Today’s edition of quick hits.
* Coming home: “Venezuela released 10 jailed Americans Friday in exchange for getting home scores of migrants deported by the United States to El Salvador months ago under the Trump administration’s immigration crackdown.”
* It’s painful even to imagine being in their shoes: “They are nurses, mechanics, sanitation workers and executives. They’ve fallen in love, bought houses and raised children.

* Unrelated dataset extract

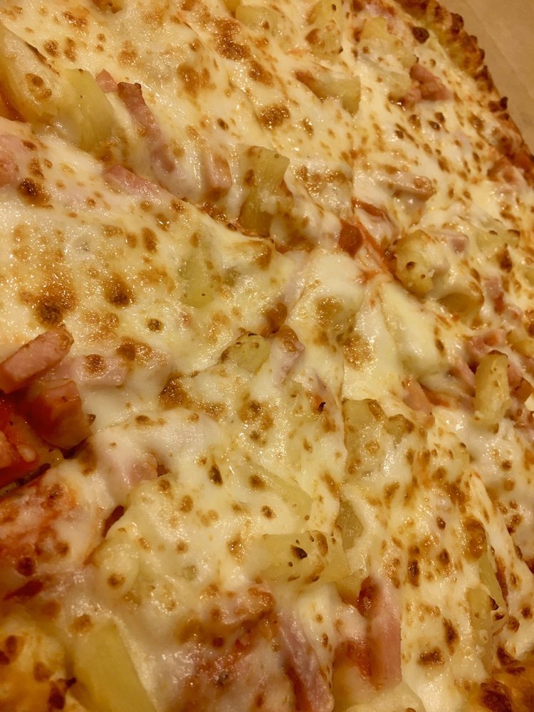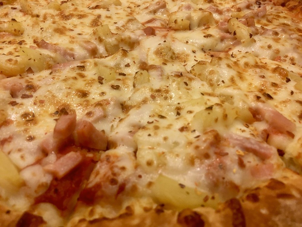 Get a taste of the tropics. This super delicious pizza is loaded with sweet, juicy pineapple tidbits, julienne-cut Canadian bacon, hickory-smoked bacon, a three-cheese blend, and real cheese made from mozzarella on our signature sauce and original fresh dough.

They’ve opened restaurants and construction companies, paid taxes and contributed to Social Security, living and working legally in the United States since 1999. Now more than 50,000 Hondurans and Nicaraguans stand to abruptly lose their legal status as the Trump administration seeks to end their protections, in place since the Clinton era, under the temporary protected status program, or TPS.”
* I guess the industry’s massive campaign donations paid dividends: “The cryptocurrency industry reached a major milestone in Washington on Thursday, as Congress cleared legislation outlining the first federal rules for stablecoins, a popular form of digital currency. A bipartisan vote in the House to approve the bill, known as the Genius Act, sent it to the White House for President Trump’s signature.”
* Another lawsuit worth keeping an eye on: “A coalition of 20 Democratic attorneys general sued the Trump administration Thursday to block implementation of a rule they argue will undermine the Affordable Care Act.”
* Someday, we’ll have to put the State Department back together again: “The United States should no longer publicly comment on elections, including making an assessment of whether the election was ‘free and fair,’ unless there is a ‘clear and compelling U.S. foreign policy interest to do so,’ Secretary of State Marco Rubio said in a cable to diplomats sent on Thursday.”
* In related news: “As President Donald Trump takes a beating from his own MAGA crowd for his handling of the case of Jeffrey Epstein, the deceased pedophile and sex trafficker, his State Department pulled a surprising move: It decimated its office combating human trafficking. As part of a downsizing, the Trump administration on Friday cut 1,353 positions at State, about 15 percent of its Washington-based staff, and the largest reduction in decades.”